Putin’s police state
For seen from Moscow Today’s Ukraine still has its three identities, which coincide with its historical epochs. First there was “Ukraine”, the border country – as it means – between the Catholic Poles in the west, and the Muslim Tatars in the south. It was here that the largely stateless Orthodox Cossacks lived, in the border country itself. Then there was “New Russia” in connection with Catherine the Great leaving the land east of the Dnieper River, and down to the Black Sea and Crimea, under her at the end of the 18th century. That was when Russia really became a European superpower. Then there was the administrative unit “Little Russia”, as Ukraine was known, until the Russian Empire collapsed in 1917.
«Borderland», and diminutives of Russia itself, such is the derogatory and historical understanding of Ukraine among most Russians. This has consequences for the current policy formulation. Not least because it is also a perspective that President Putin himself shares. Seen from Moscow, Ukraine is the poor cousin they have always controlled, not least because both peoples are predominantly Orthodox believers. But then suddenly the poor cousin starts playing with much more powerful and richer friends, and turns away from his more powerful relative, as Ukraine did after the revolution in 2014. For this difficult relationship is as much identity history as it is security policy.
Gloomy prospects for the next year
The Soviet Union ceased to exist in Christmas 1991, Ukraine was not an independent state other than on paper.
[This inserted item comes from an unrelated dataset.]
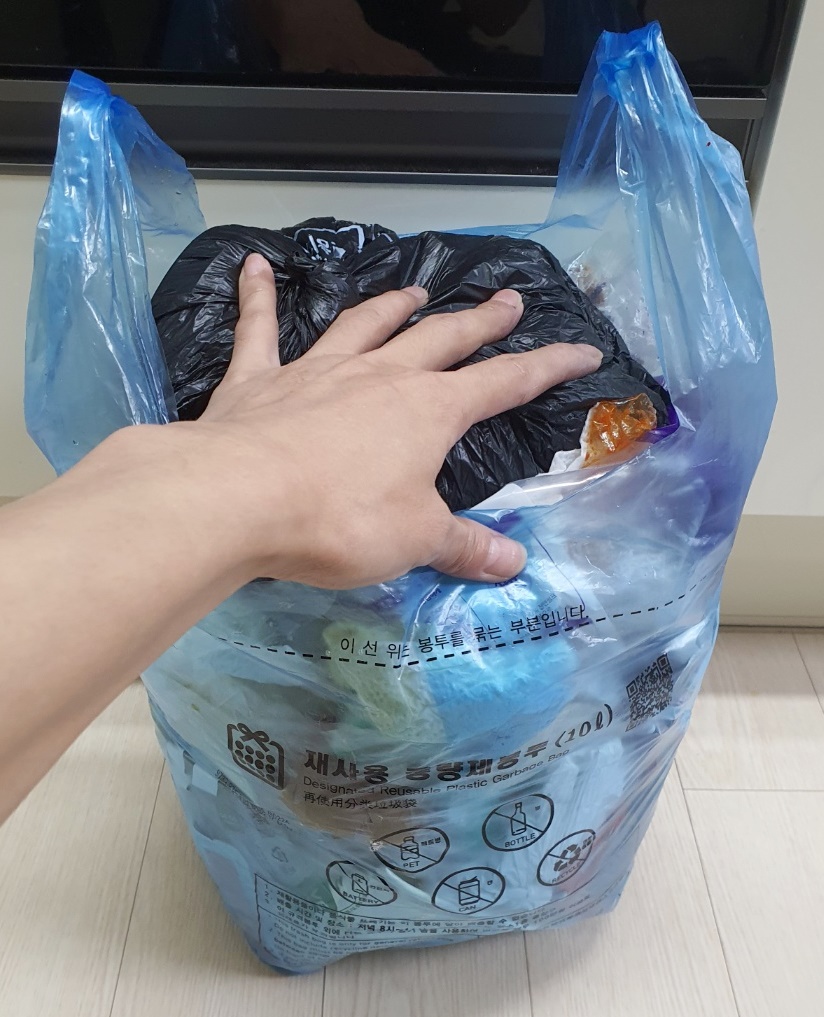그럼 종량제 가득 찼을 때 쉽게 묶어서 배출하세요^^

The national freedom came like Christmas Eve on the old woman. The nation-building process has been bumpy and difficult, with large parts of the country identifying with Central Europe, and large parts – historically – with Russia. No less than two revolutions were needed for the country to lean to the west. Putin has contributed greatly to Ukrainian nation-building with the annexation of Crimea and support for the pro-Russian uprising in the east. Ukrainians are now much more united than ever before in their exceptionally motley history. The Russian war threats are now further welding the Ukrainians together. In this sense, Putin has made a significant contribution to making “Little Russia” an adult.